───── Source material ─────

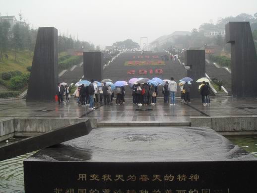 虽然当日天空下着小雨,但并没有影响同学们对瞻仰革命先烈的缅怀之情,他们手捧鲜花,表情肃穆,沿着红岩魂广场长长的阶梯拾阶而上。同学们聚集在烈士墓前,首先进行了庄严的宣誓仪式。同学们回顾历史,学习革命先烈的大无畏精神,展望未来,以先烈为榜样,准备好为祖国的明天做出贡献。此环节还特别加入了唱国歌活动,旨在提醒同学们勿忘国耻,幸福生活来之不易,要铭记革命先驱们做出的巨大牺牲。
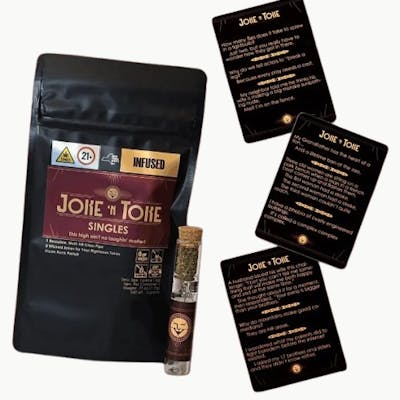 Joke 'N Toke – Singapore Sling – Crushed Moonrock Chillum – 0.5g Power meets portability in the Joke 'N Toke Singapore Sling Crushed Moonrock Chillum—a compact 0.5g pre-loaded chillum packed with potent, crushed moonrocks for a fast-hitting and flavorful smoke. This all-in-one experience is perfect for on-the-go sessions without sacrificing strength or taste. Infused with the tropical essence of Singapore Sling, this chillum delivers bold flavor with notes of sweet citrus, berry, and exotic spice, balanced by the unmistakable punch of moonrock-grade potency. Whether you're winding down or looking for a heavy-hitting head change, this chillum hits hard and smooth. Product Highlights: Strain/Flavor: Singapore Sling – Exotic and fruity Type: Crushed Moonrock – infused and potent Format: 0.5g Chillum – pre-filled, ready to use Effects: Fast-acting, euphoric, deeply relaxing Best For: Portable potency, solo sessions, high-tolerance users Terpenes: Beta-Myrcene: 0.2202% Farnesene: 0.2302% trans-Caryophyllene: 0.2383
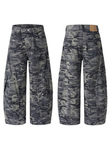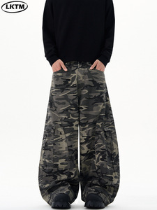 LKTM メンズ アメリカン レトロ 迷彩 ワイドレッグ オーバーオール 男女兼用 トレンド ブランド ゆったり リバースウェア デザイン ワイドレッグ パンツ
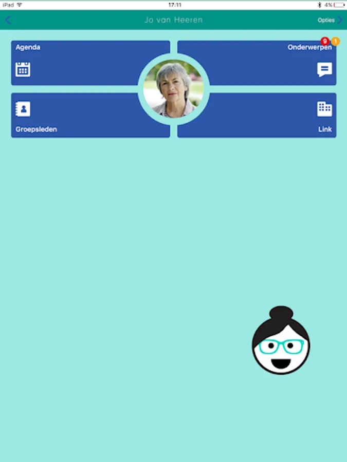 With my help you can organize matters quickly and easily. I connect people in a group. I'll make sure that everyone in the group knows exactly what to do, and who’s going to do that. I'm Nettie, That's well organized.
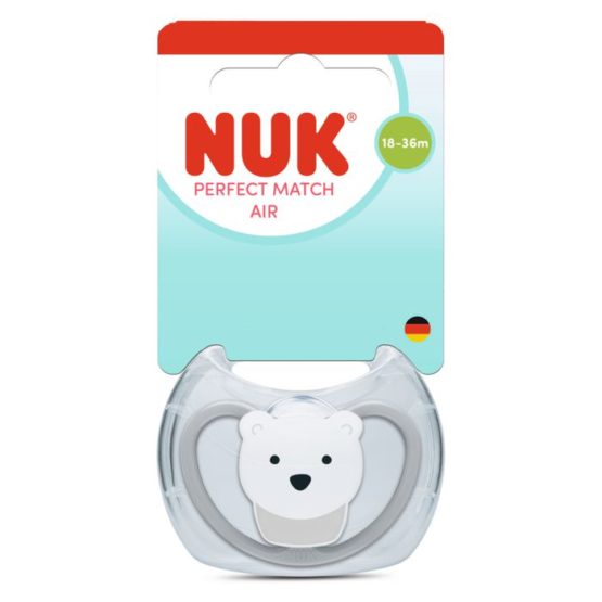 NUK Perfect Match Air dude prihvaća 98% beba i imaju savršen oblik bradavice kako bi podržale prirodni oralni razvoj bebe. Izumljene prije više od 60 godina od strane dječjih stomatologa i liječnika, NUK ortodontske dude oblikovane su prema prirodnom obliku majčine bradavice tijekom dojenja, stvarajući jednostavan prijelaz s dojke na dudu i natrag. Sve dude ne sadrže BPA i mogu se prati u perilici posuđa (samo gornja polica).
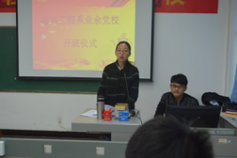 在雄壮的国歌声中开班仪式拉开了序幕。首先是大二学生代表董丽敏上台演讲,共勉我们在党的道路上通过重重考验,勇往直前。稍后,王海燕老师进行今后党课的内容安排,同学们都认真地做着笔记。
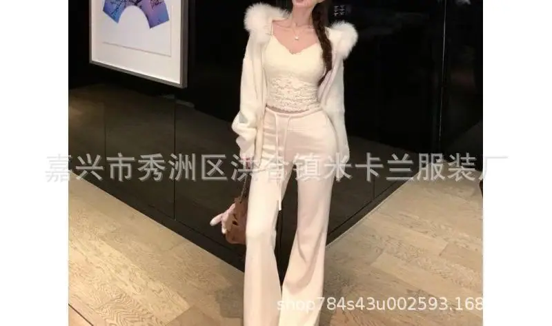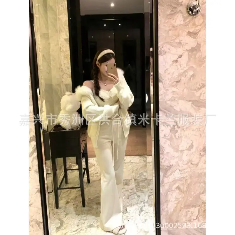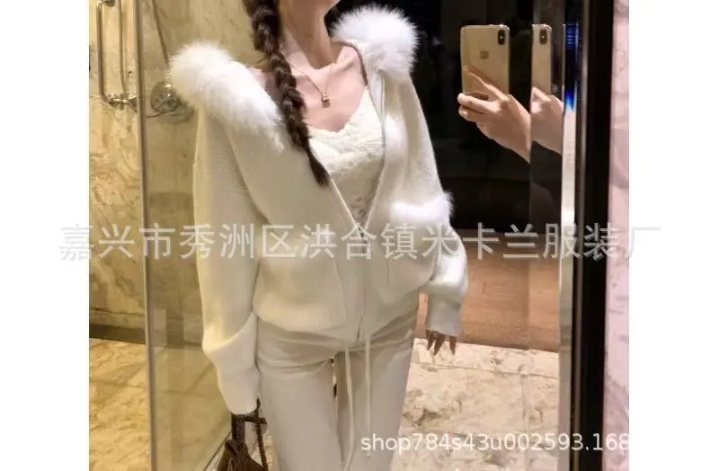 Abrigo cárdigan corto de punto para mujer con cuello nuevo de invierno esponjoso engrosado de piel de zorro real con cremallera y top de piel ajustado
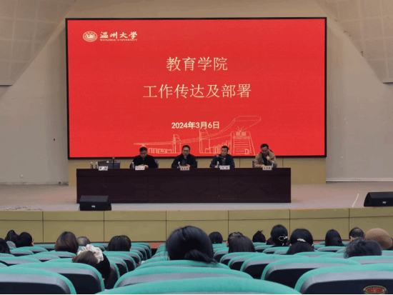 3月6日下午,教育学院在9号楼一楼报告厅召开全体教职工大会。学院领导班子及全体教职工参加本次会议,会议由学院党委书记何毅主持。
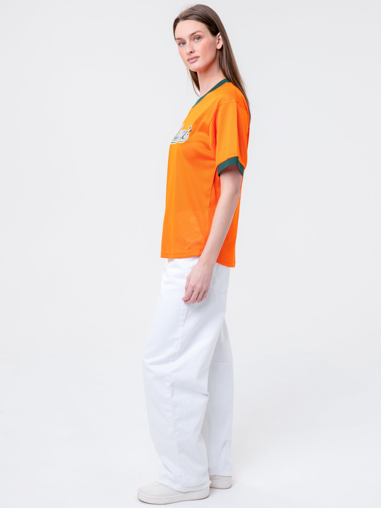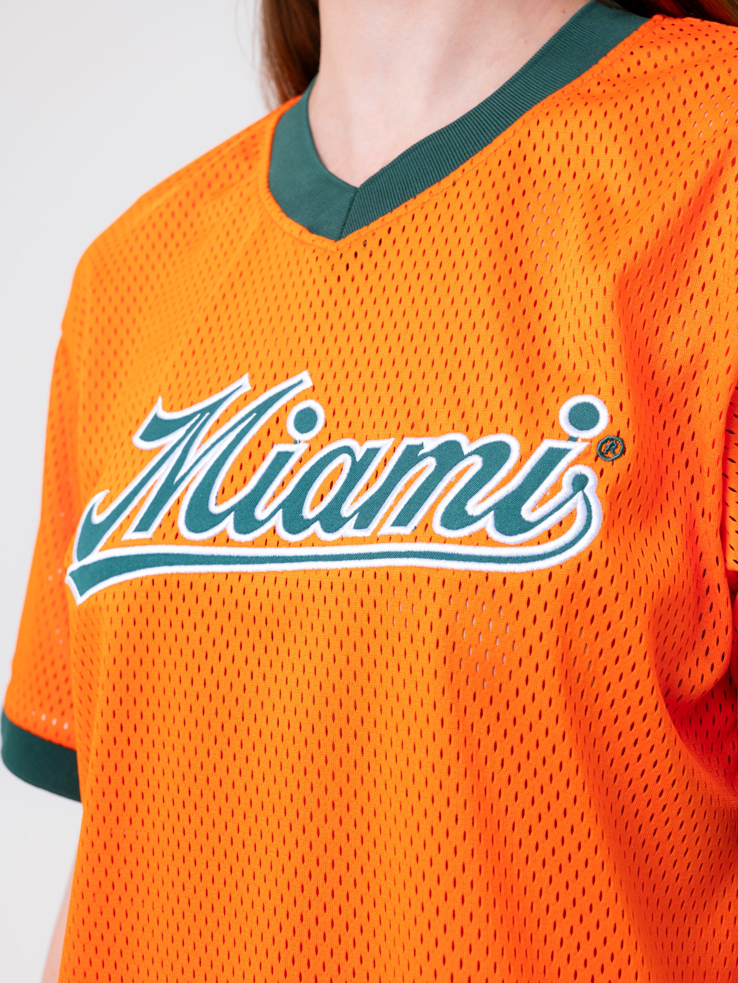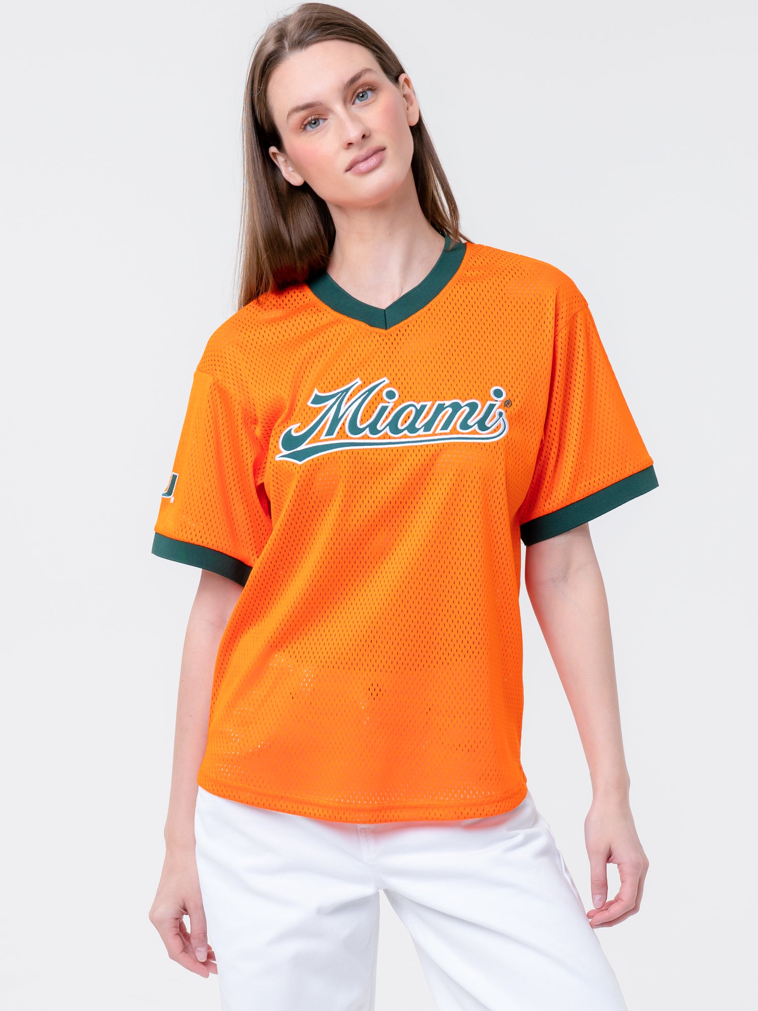 Celebrate game day in bold hurricane style with the University of Miami Full Length Mesh Pullover Jersey by Established & Co. Designed in vibrant orange with tackle twill “Miami”, this jersey brings school spirit to life with a fashion-forward twist. Crafted from lightweight, breathable small-hole mesh, it offers a fit that's perfect for stadium days or layered streetwear looks.

─────

Before answering, find the line with "在雄壮的国歌声中开班仪式拉开" in the records above; then reproduce exactly each line from the first through that line, leaving out pictures.

- Answer below:
 虽然当日天空下着小雨,但并没有影响同学们对瞻仰革命先烈的缅怀之情,他们手捧鲜花,表情肃穆,沿着红岩魂广场长长的阶梯拾阶而上。同学们聚集在烈士墓前,首先进行了庄严的宣誓仪式。同学们回顾历史,学习革命先烈的大无畏精神,展望未来,以先烈为榜样,准备好为祖国的明天做出贡献。此环节还特别加入了唱国歌活动,旨在提醒同学们勿忘国耻,幸福生活来之不易,要铭记革命先驱们做出的巨大牺牲。
 Joke 'N Toke – Singapore Sling – Crushed Moonrock Chillum – 0.5g Power meets portability in the Joke 'N Toke Singapore Sling Crushed Moonrock Chillum—a compact 0.5g pre-loaded chillum packed with potent, crushed moonrocks for a fast-hitting and flavorful smoke. This all-in-one experience is perfect for on-the-go sessions without sacrificing strength or taste. Infused with the tropical essence of Singapore Sling, this chillum delivers bold flavor with notes of sweet citrus, berry, and exotic spice, balanced by the unmistakable punch of moonrock-grade potency. Whether you're winding down or looking for a heavy-hitting head change, this chillum hits hard and smooth. Product Highlights: Strain/Flavor: Singapore Sling – Exotic and fruity Type: Crushed Moonrock – infused and potent Format: 0.5g Chillum – pre-filled, ready to use Effects: Fast-acting, euphoric, deeply relaxing Best For: Portable potency, solo sessions, high-tolerance users Terpenes: Beta-Myrcene: 0.2202% Farnesene: 0.2302% trans-Caryophyllene: 0.2383
 LKTM メンズ アメリカン レトロ 迷彩 ワイドレッグ オーバーオール 男女兼用 トレンド ブランド ゆったり リバースウェア デザイン ワイドレッグ パンツ
 With my help you can organize matters quickly and easily. I connect people in a group. I'll make sure that everyone in the group knows exactly what to do, and who’s going to do that. I'm Nettie, That's well organized.
 NUK Perfect Match Air dude prihvaća 98% beba i imaju savršen oblik bradavice kako bi podržale prirodni oralni razvoj bebe. Izumljene prije više od 60 godina od strane dječjih stomatologa i liječnika, NUK ortodontske dude oblikovane su prema prirodnom obliku majčine bradavice tijekom dojenja, stvarajući jednostavan prijelaz s dojke na dudu i natrag. Sve dude ne sadrže BPA i mogu se prati u perilici posuđa (samo gornja polica).
 在雄壮的国歌声中开班仪式拉开了序幕。首先是大二学生代表董丽敏上台演讲,共勉我们在党的道路上通过重重考验,勇往直前。稍后,王海燕老师进行今后党课的内容安排,同学们都认真地做着笔记。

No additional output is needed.